- DATA TO PROCESS:
++++++
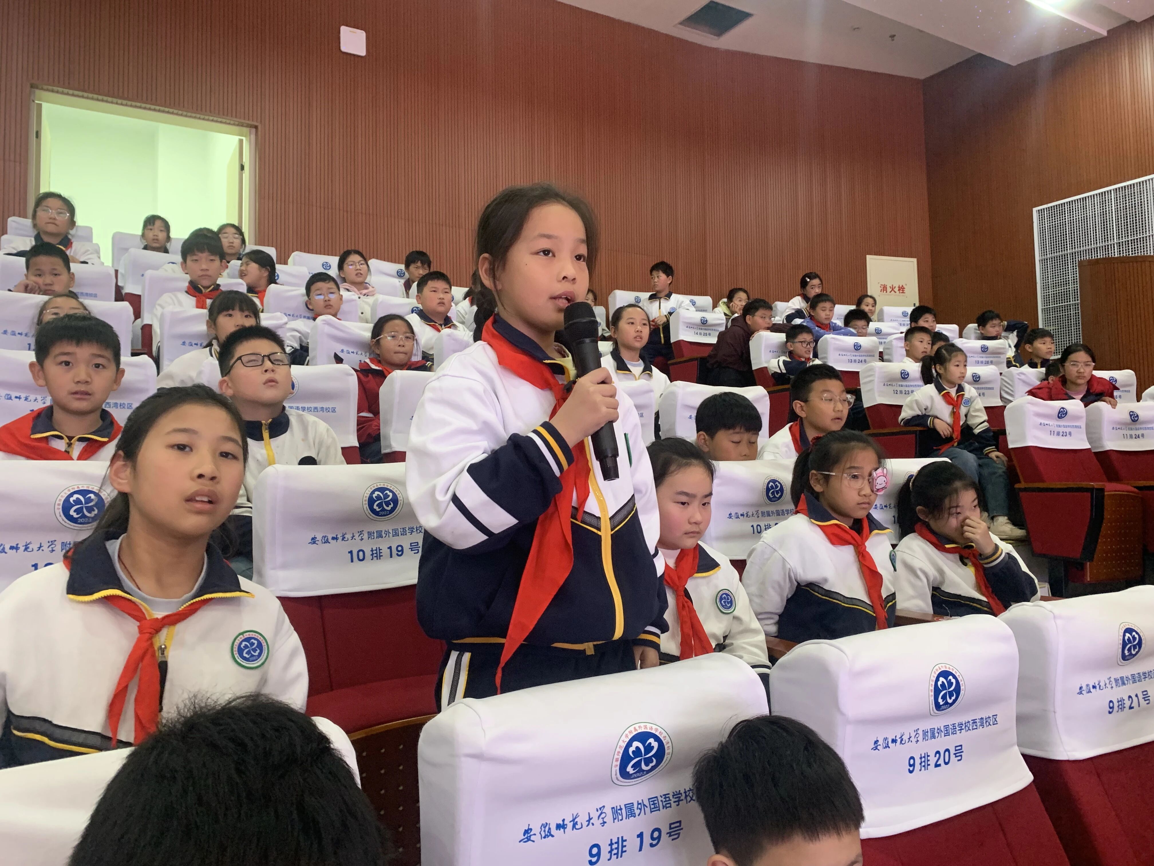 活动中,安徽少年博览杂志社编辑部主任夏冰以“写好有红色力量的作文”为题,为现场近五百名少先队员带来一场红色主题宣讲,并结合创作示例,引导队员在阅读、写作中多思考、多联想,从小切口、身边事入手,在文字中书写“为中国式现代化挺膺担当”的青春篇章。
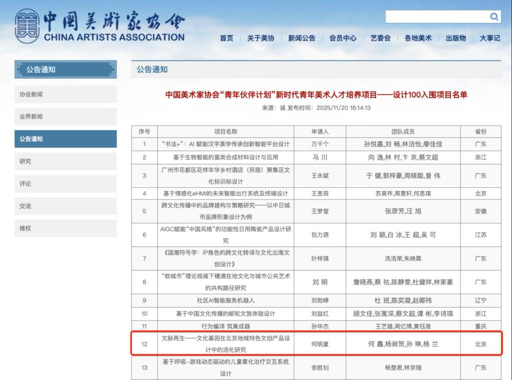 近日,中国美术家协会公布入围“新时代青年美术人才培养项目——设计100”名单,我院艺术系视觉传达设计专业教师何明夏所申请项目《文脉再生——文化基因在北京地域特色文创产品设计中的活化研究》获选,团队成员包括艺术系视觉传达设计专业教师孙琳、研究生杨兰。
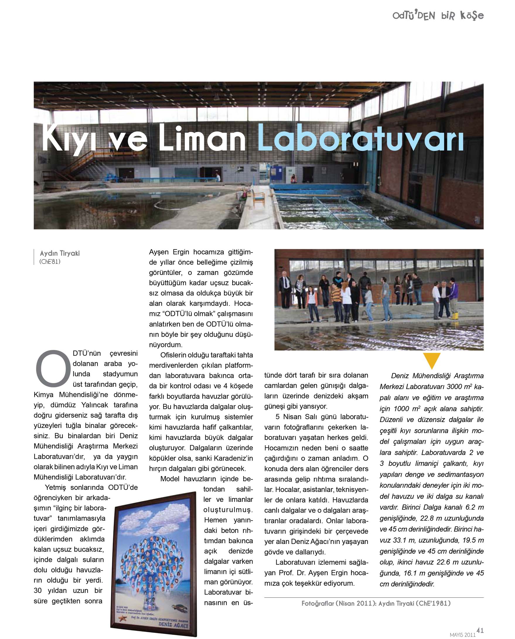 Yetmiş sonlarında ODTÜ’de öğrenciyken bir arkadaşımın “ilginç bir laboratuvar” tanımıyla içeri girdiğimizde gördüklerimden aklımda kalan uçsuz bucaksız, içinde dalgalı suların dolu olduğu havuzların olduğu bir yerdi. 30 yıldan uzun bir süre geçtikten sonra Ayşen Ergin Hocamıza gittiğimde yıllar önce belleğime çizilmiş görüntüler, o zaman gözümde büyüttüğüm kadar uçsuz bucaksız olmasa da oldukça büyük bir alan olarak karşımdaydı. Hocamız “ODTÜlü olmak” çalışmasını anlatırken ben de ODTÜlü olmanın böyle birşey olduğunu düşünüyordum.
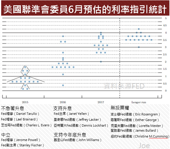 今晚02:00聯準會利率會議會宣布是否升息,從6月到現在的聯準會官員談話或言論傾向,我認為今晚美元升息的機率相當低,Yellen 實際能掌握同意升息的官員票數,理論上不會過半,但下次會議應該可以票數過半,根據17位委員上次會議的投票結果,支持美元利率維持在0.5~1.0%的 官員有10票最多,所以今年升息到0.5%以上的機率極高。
++++++
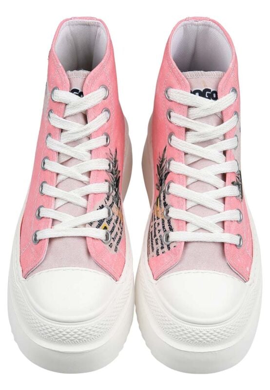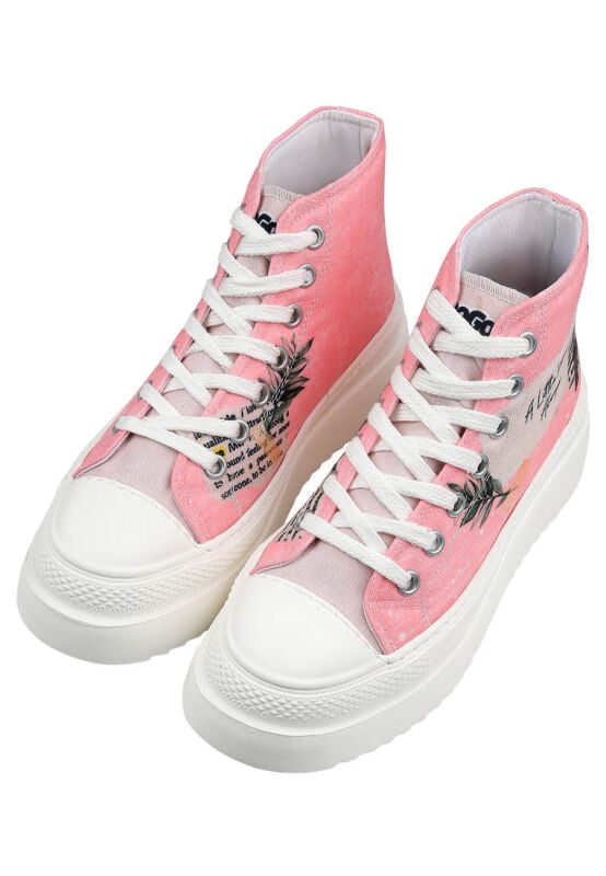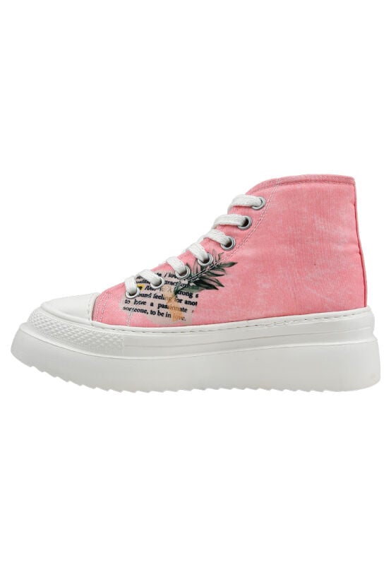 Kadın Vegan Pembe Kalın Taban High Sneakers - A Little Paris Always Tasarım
++++++
- WHAT YOU HAVE TO DO:
When you reach the line with "活动中,安徽少年博览杂志社编" in the records above, start writing out each line exactly, and stop after the line with "近日,中国美术家协会公布入围". Pictures stay out.

- SOLUTION TO THIS EXERCISE:
 活动中,安徽少年博览杂志社编辑部主任夏冰以“写好有红色力量的作文”为题,为现场近五百名少先队员带来一场红色主题宣讲,并结合创作示例,引导队员在阅读、写作中多思考、多联想,从小切口、身边事入手,在文字中书写“为中国式现代化挺膺担当”的青春篇章。
 近日,中国美术家协会公布入围“新时代青年美术人才培养项目——设计100”名单,我院艺术系视觉传达设计专业教师何明夏所申请项目《文脉再生——文化基因在北京地域特色文创产品设计中的活化研究》获选,团队成员包括艺术系视觉传达设计专业教师孙琳、研究生杨兰。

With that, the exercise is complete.